Maternal toxicity: The highest test dose of 160 mg/kg bw/day which was given to the females of group 7 starting from day of pregnancy, was found to be too high as this dosage resulted in mortality and body weight loss. No treatment-mortalities were reported for the remaining dosages including 80 mg/kg bw/d (group 7, day 7 to 13 of pregnancy). One moribund female treated with 80 mg/kg bw was sacrificed in extremis on day 14 of pregnancy; the bad state of health of this animal already was seen prior dosing and therefore was not treatment-related.

Signs indicative of maternal toxicity were seen in females treated with 80 mg/kg bw/day of Bronopol, and mainly consisted of loss in body weight gain, decrease in food consumption, and development of haemorrhages and ulceration in the gastric mucosa, as revealed by necropsy. The females of the groups treated with up to 40 mg/kg bw/day of Bronopol showed no treatment-related adverse effects.

Pregnancy and implantation data: No adverse treatment-related effects on pregnancy, corpora lutea, implantations, number of live fetuses, and sex ratio were reported.

Fetal data: No fetal data were reported for group 7 as the dams died or were sacrificed prior to day 28 of pregnancy. In the groups treated with up to 40 mg/kg bw/day of Bronopol, all considered data (embryonic growth, mean fetal weight, sex ratio, major and minor abnormalities) were not affected by the treatment.
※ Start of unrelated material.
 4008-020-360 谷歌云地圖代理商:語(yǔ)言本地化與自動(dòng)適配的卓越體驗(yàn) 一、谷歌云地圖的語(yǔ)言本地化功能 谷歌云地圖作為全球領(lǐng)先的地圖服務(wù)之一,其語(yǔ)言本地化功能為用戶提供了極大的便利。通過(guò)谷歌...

On the basis of these findings, 80 mg/kg bw/day was retained as the dose that induces maternal toxicity and was therefore selected as highest dose to be tested within the main developmental toxicity study with rabbit. 5, 20 and 40 mg/kg bw/day were selected as low and mid dose levels for the main study.
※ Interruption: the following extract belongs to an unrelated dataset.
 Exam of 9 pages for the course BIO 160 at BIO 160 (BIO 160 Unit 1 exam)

This study is classified as acceptable (key study). The test followed GLP; no guideline was mentioned, however the conduct of the study was acceptable.


Justification for selection of Effect on developmental toxicity: via oral route:
The key study represents a guideline study conducted in accordance with GLP (reliability: 1). Furthermore the corresponding range-finding study and a previous study about development of rat are listed, which supports the findings of the key study (Toxicology Laboratories Limited, 1995). Moreover, a key study on rabbit developmental toxicity (teratogenicity) study and the corresponding range-finding study are presented.

Justification for classification or non-classification

Since Bronopol caused no developmental toxicity and teratogenicity in the rat in a developmental toxicity study according to EPA OPP 83-3 (Prenatal Developmental Toxicity Study) and due to the fact that no apparent adverse effects on reproductive organs or fertility were observed in rats in a subchronic study according to according to the SOP of the International Research and Development Corporation (IRDC), Bronopol is considered not to cause damage to the unborn child and is not subject to classification according to Directive 67/548/EEC and Regulation 1272/2008/EC.